Wer zum achten Geburtstag ’ne schwarze Rille Rüdes vom ältesten Bruder erhielt, sollte nicht davon ausgehen, nach diesem prägenden Donner durch AC/DCs „Let There Be Rock“ später allen Ernstes beim Mahavishnu Orchestra und Miles Davis zu landen. Den inneren Schweinehund, dessen grunzendes Bellen den Jazz als knödeliges Gefuddel abservierte, habe ich im Laufe der Jahre aber gezähmt, mehr noch: Ich öffnete mein Herz grundsätzlich für die Musik – und finde sie einfach nur unabhängig vom Genre entweder schlecht, so lala, gut oder genial. Auf Sarah Vaughan trifft genial zu.
Hits wie „Make yourself comfortable“ und „Broken hearted melody“ mögen diese, meine Annahme bestätigen, jedoch das riesige Potenzial wahrhaftig begnadeter Künstler aus der Eins-mit-Sternchen-Kategorie immer auch dort zum Vorschein kommt, wo sie einer vertrauten Melodie mit ihrem Zutun neues Terrain ebnen. Herrje, wie viele Krücken irrten schon dermaßen unterkühlt durch Gershwins „Summertime“, dass man glaubte, im Herzen dieses voller Blütenrausch und Rosé-Sekt-Laune gefüllten kompositorischen Kunstwerks die nächste Eiszeit auszumachen! Nun ist festzustellen: Sarah Vaughan, Jahrgang 1924, war gemessen daran, dass „Summertime“ der meistgecoverte Song weltweit ist, eine der ersten, die das 1933 fertiggestellte Werk singen durfte – und hat deshalb wahrscheinlich die schlimmsten Dilettanten nicht ertragen müssen.

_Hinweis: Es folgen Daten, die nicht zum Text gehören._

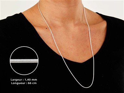 Cette chaîne Serpent ronde en Argent 925 est idéale pour mettre en valeur des petits pendentifs et breloques. Elle mesure 1,40 mm de large. La longueur totale est de 66 cm avec un fermoir Menot...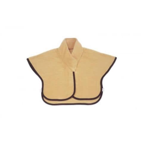 | パジャマの上から着て、肩をすっぽり包むので、寝返りを妨げません。寒い日の湯上りなど、ホームウェアとしてもお洒落。保温性が抜群。袖口に余裕があり、動きがとてもらくちんです。前の留め(写真で四角の縫い目が見えている所)はボタンではなく面ファスナー(マジック)です。 |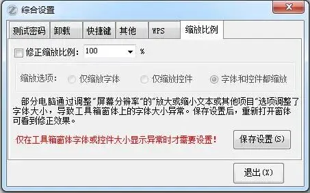 综合设置:自动测试文档保护密码、卸载工具、自定义快捷键及缩放比例设置。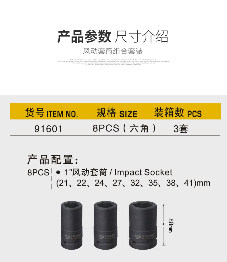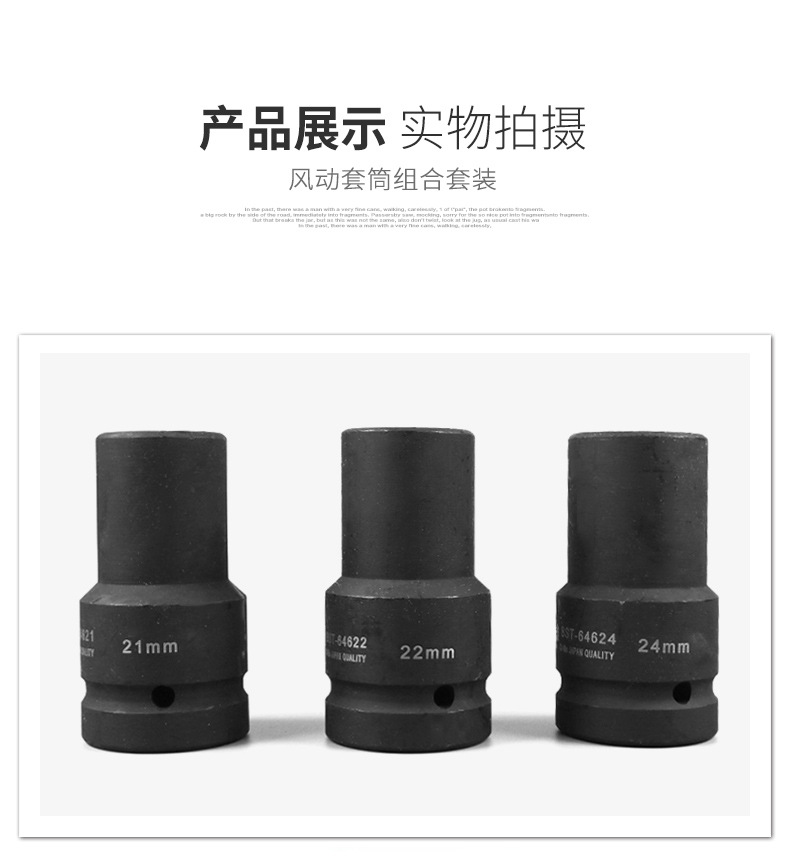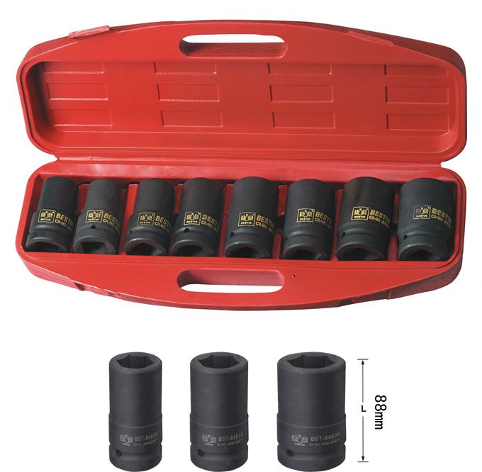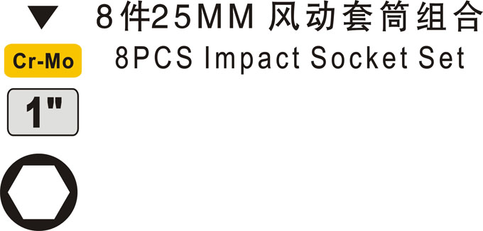 鹰之印工具 8件25MM风动六角加长套筒组合套装 气动风炮套筒91601

Sie schenkt dieser weltbekannten Sommerzeit unübertrefflich viel Wärme. In den tiefsten Tiefen ihrer Stimme der Effekt knisternder Scheite noch zum jungen Morgen im Kamin des Wohnzimmers, während die jungfräuliche, unverbrauchte Welt mit Trompetenbaumdüften durch das geöffnete Fenster schleicht. Andererseits ihr leichtes, nur zart angedeutetes Vibrato, das den Anschein macht, die Nachmittagshitze würde unverzüglich über uns niederschweben, nicht lähmend, sondern lässig wirkend.

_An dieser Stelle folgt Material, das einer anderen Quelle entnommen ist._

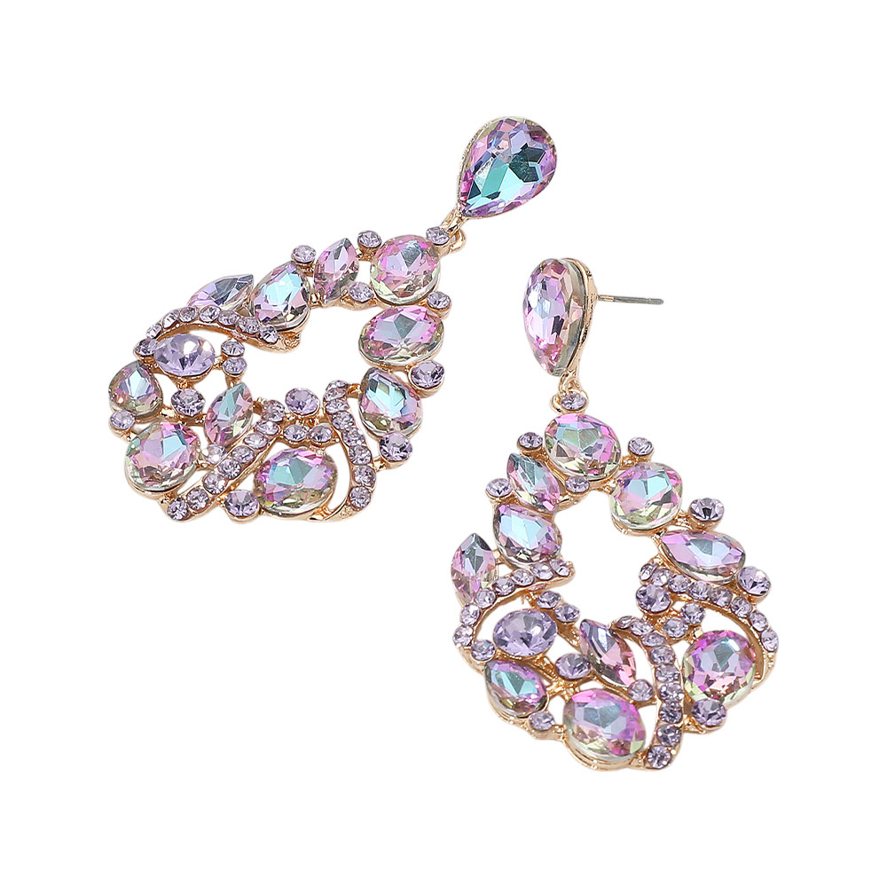 Multi Stone Cluster Teardrop Dangle Evening Earrings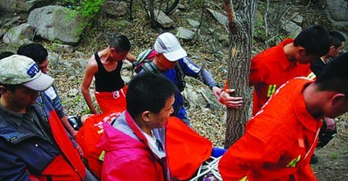 女游客下山途中脚骨折困山中 十多人接力抬回她
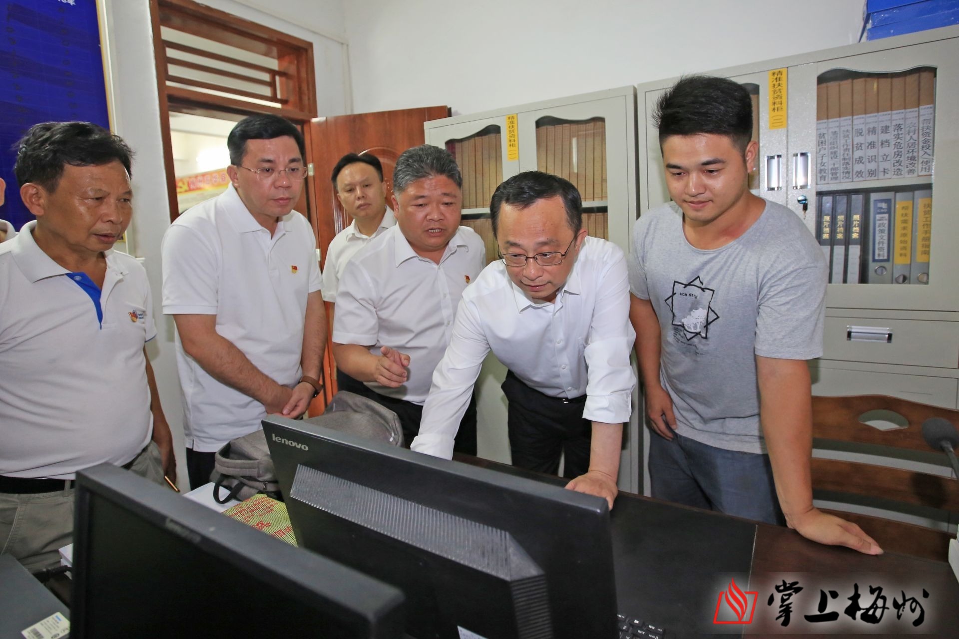 在横陂镇西湖村村委,陈敏仔细了解当地的精准扶贫、村集体经济发展等情况。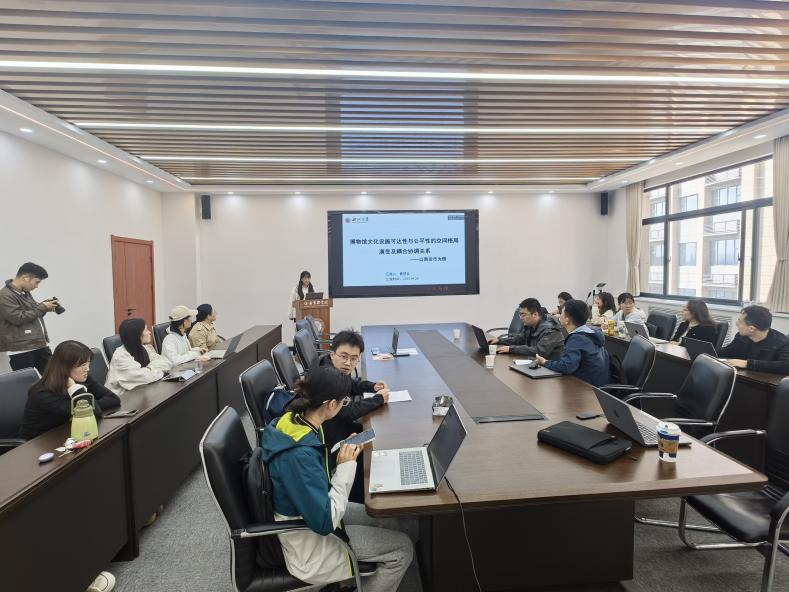 报告环节中,焦梦云博士生以《博物馆文化设施可达性与公平性的空间格局演变及耦合协调关系——以西安市为例》为题,从引言、博物馆可达性与公平性耦合协调机理、研究区域与方法数据、研究结果分析和结论与讨论五个维度系统阐述研究内容。该研究选取全市174个乡镇为案例区域,创新性引入“供需关系约束的可达性”视角,精准刻画资源有限、需求分布不均现实场景下的文化服务获取水平,进而从旅居共享维度探究博物馆设施可达性与公平性的耦合协调关系。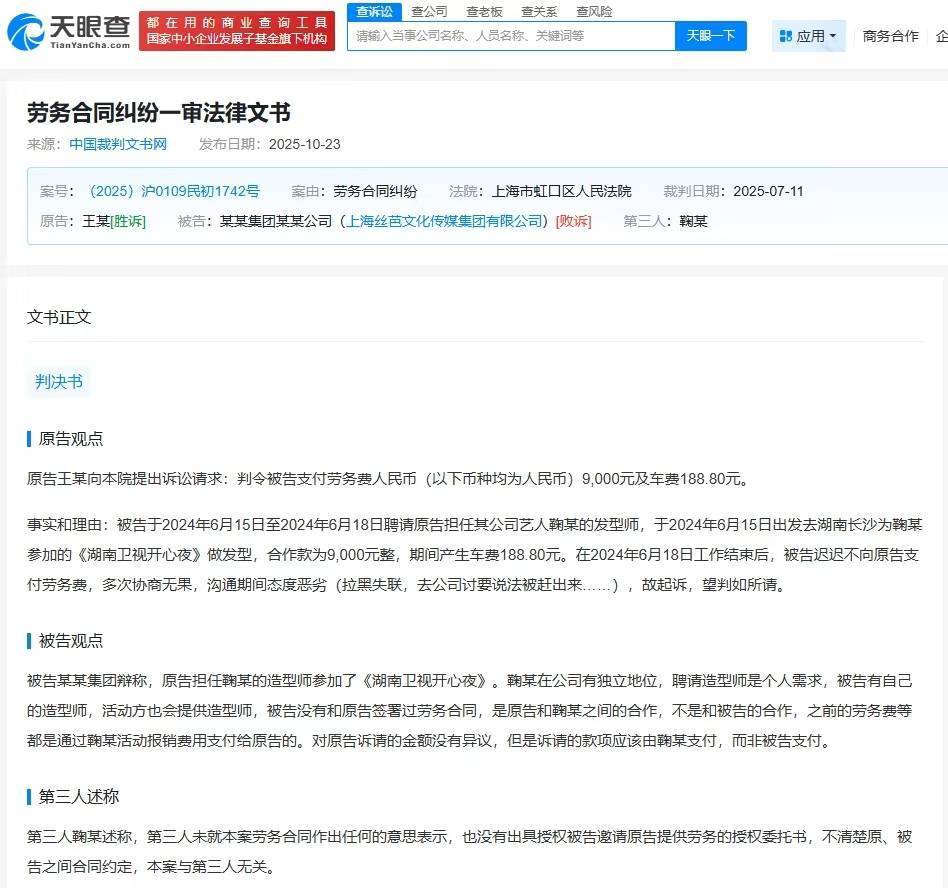 天眼查天眼風(fēng)險(xiǎn)信息顯示,近期,法院公開王某與上海絲芭文化傳媒集團(tuán)有限公司勞務(wù)合同糾紛裁判文書。原告王某訴稱于2024年6月15日至6月18日受被告聘請(qǐng)擔(dān)任其公司藝人鞠婧祎的發(fā)型師,為其參加的活動(dòng)做發(fā)型。工作結(jié)束后,被告遲遲不向原告支付勞務(wù)費(fèi),多次協(xié)商無果,溝通期間態(tài)度惡劣(拉黑失聯(lián),去公司討要說法被趕出來),故起訴。

Sarah Vaughan singt „Summertime“ so berührend, dass schnell in Vergessenheit gerät, ein Lied zu hören, das aus Gershwins Oper „Porgy and Bess“ entstammt, die das Leben von Afroamerikanern in der Schwarzensiedlung Catfish Row in Charleston, South Carolina, um 1870 zum Thema macht. Nicht gerade eine Traumgegend, keine mit Rosé-Sekt, aber die Arie, die schon Blues in ihren Bahnen führt, verdaut die Melancholie des Moments und kehrt sie in Zuversicht und Freude. Friedliche Sommerstimmung, frei von Sorgen, eine Ode an die Einfachheit des Lebens. Sarah Vaughan gelingt es, in ihrer Art mit ihrer Stimme ein leises Lied in den leuchtenden Talar des Festgesangs zu kleiden. Das ist hier sonst nur noch Ella & Louis gelungen. Bravo!